In an email about the draft report cited by Lawsky, a Deloitte partner said “we agreed” to the request because “this is too much and too politically sensitive for both Standard Chartered Bank and Deloitte. That is why I drafted the watered-down version.”

Using Deloitte’s “watered-down” report and fraudulent data, Standard Chartered misled New York banking regulators into believing it had corrected flaws, while the opposite was true, Lawsky said.
Lawsky also said that Deloitte unlawfully gave Standard Chartered confidential reports that Deloitte had prepared for two other major foreign banking clients under investigation for money laundering. The reports had “detailed and highly confidential information concerning foreign banks involved in illegal US dollar clearing activities,” Lawsky said.
Late last year, Deloitte’s audit arm came under scrutiny from Democratic Senator Claire McCaskill, who chairs a US Senate subcommittee on contracting oversight.

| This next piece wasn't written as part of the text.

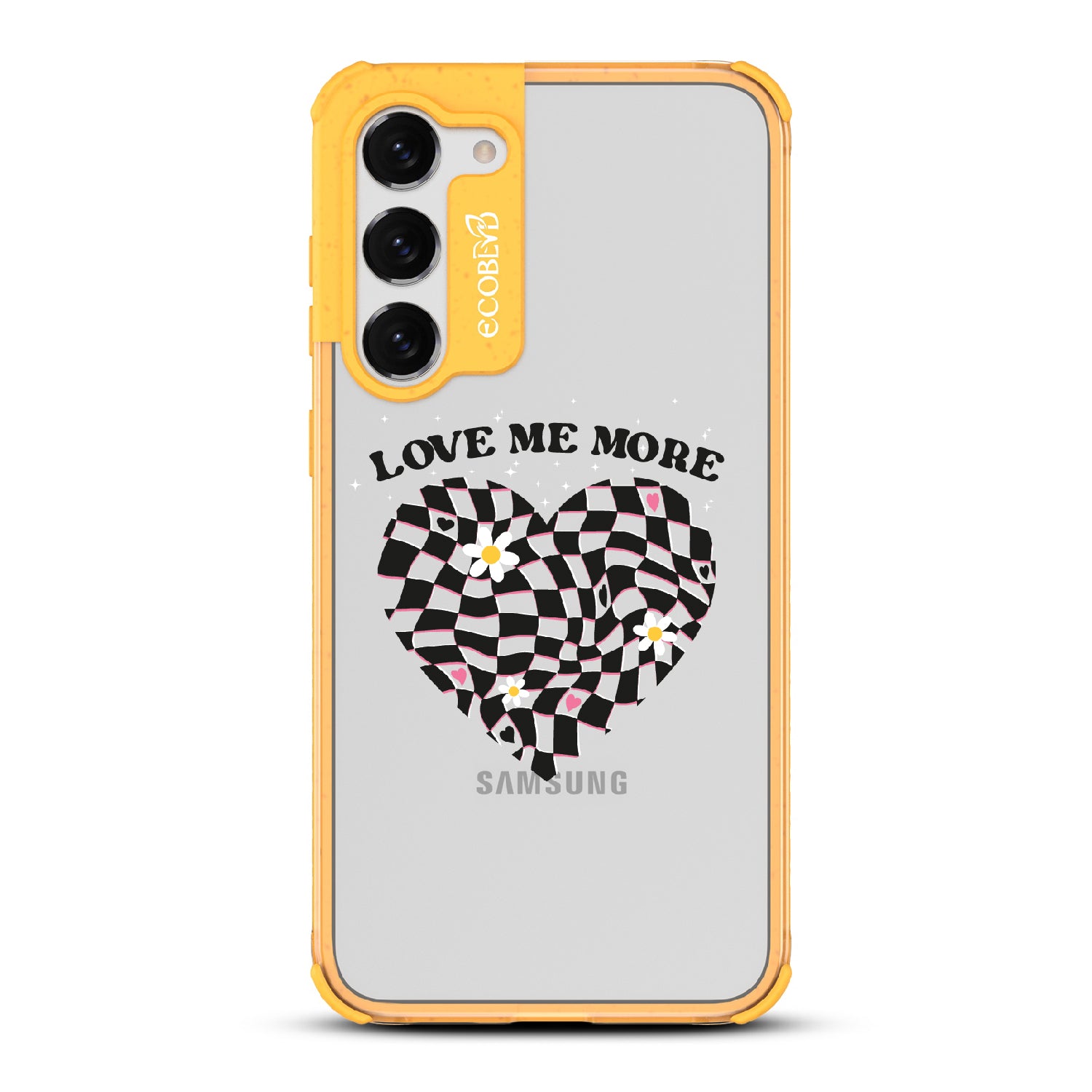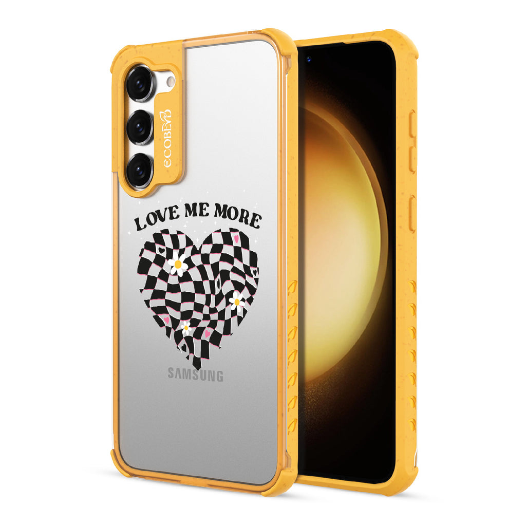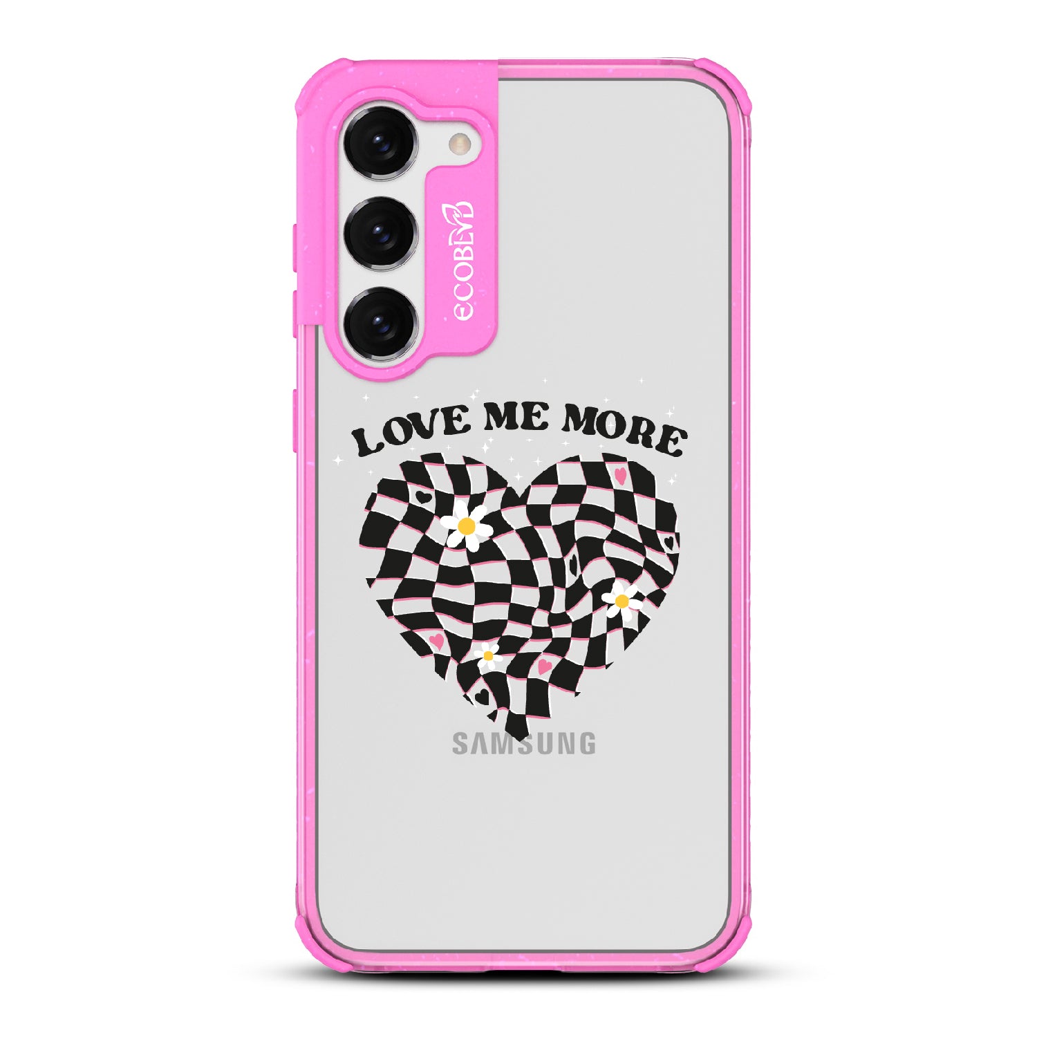 On our Laguna clear Galaxy S23 phone case, Love Me More intricately portrays the language of desire, with a checkered heart adorned by an intoxicating symphony of blossoms. The patterns speak volumes of yearnings, while the text passionately conveys the plea for more passion, leaving an indelible mark that echoes "Forever in Your Heart."
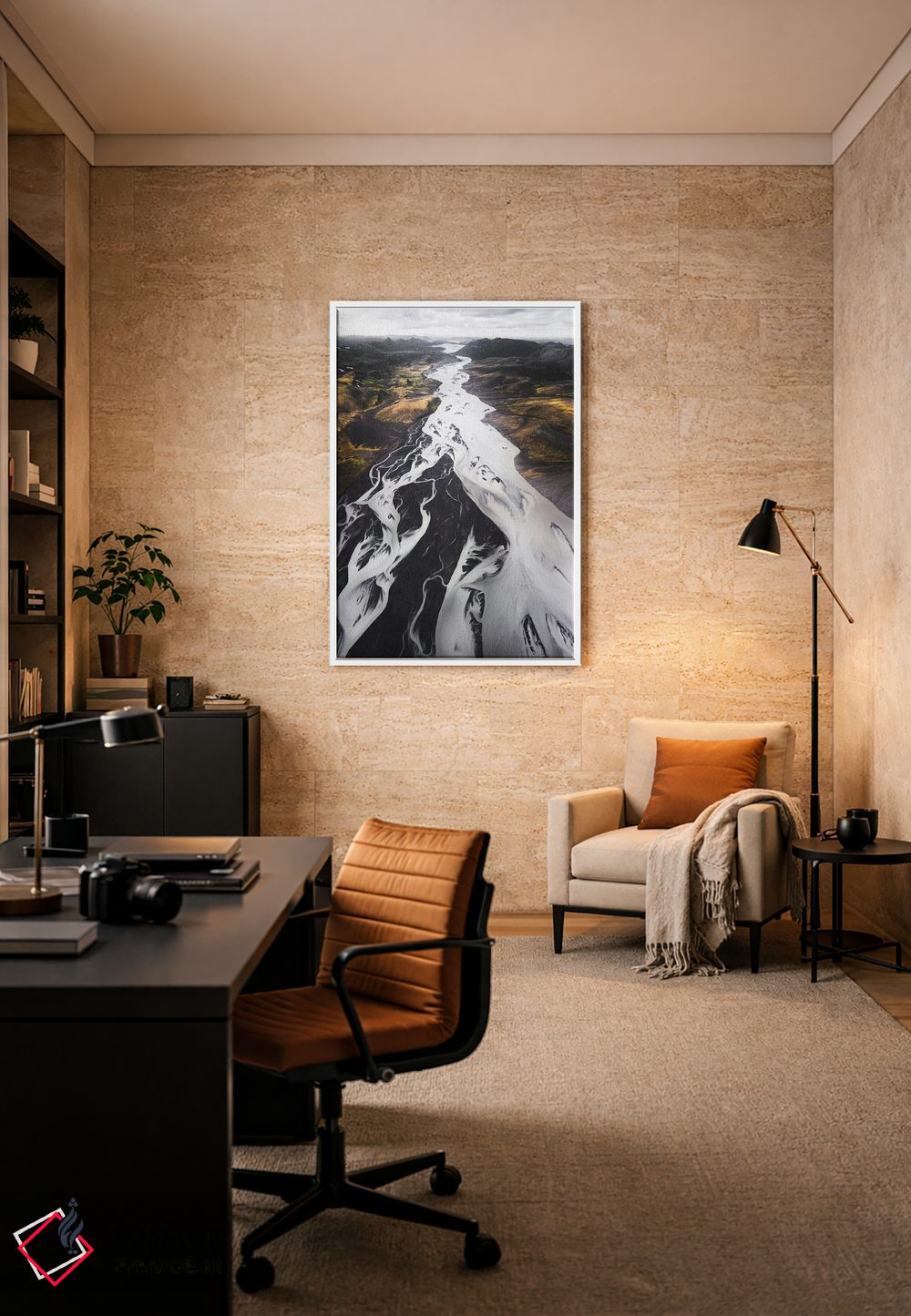 این تابلو با عنوان «رودخانهٔ بزرگ» اثرِ «جو شاتر» اتاق را جمعوجورتر و مرتبتر نشان میدهد؛ برای دکورهای کلاسیک با چوب و پارچه پیشنهاد میشود. این تابلو میتواند شروعِ خوبی برای یک دیوار گالری باشد.

McCaskill in November asked Deloitte for a list of all of its audit work for the federal government, saying a report from audit regulators had raised serious questions about the integrity of its audits.
The report, from the Public Company Accounting Oversight Board, which polices US audit firms, faulted Deloitte for failing to promptly improve quality controls after problems were found in some 2007 audit inspections.

Deloitte is a major contractor for the US government, with about 6,100 employees in its $1.3 billion federal government services practice, according to the firm’s Web site.
Deloitte’s Chinese arm has also run into problems with several audits of US listed Chinese clients. Since January, Deloitte has resigned or been dismissed from audit roles with seven US-listed Chinese companies, according to data from research firm Audit Analytics.
No evidence suggests the departures involved wrong-doing on Deloitte’s part.
Deloitte China told Reuters in a statement last month that companies facing issues “represent just a minuscule proportion” of its total portfolio of listed companies.
Deloitte in 2011 also lost part of a contract in Afghanistan to provide technical assistance to its central bank after failing to report signs of fraud at Kabul Bank before a run on the bank in September 2010.
The US Agency for International Development had funded the contract to promote the stability of Afghanistan’s financial sector and prevent losses.
Deloitte was not working for Kabul Bank, but an AID inspector general’s report said Deloitte “did not aggressively follow up on indications of serious problems” at the bank, Afghanistan’s largest.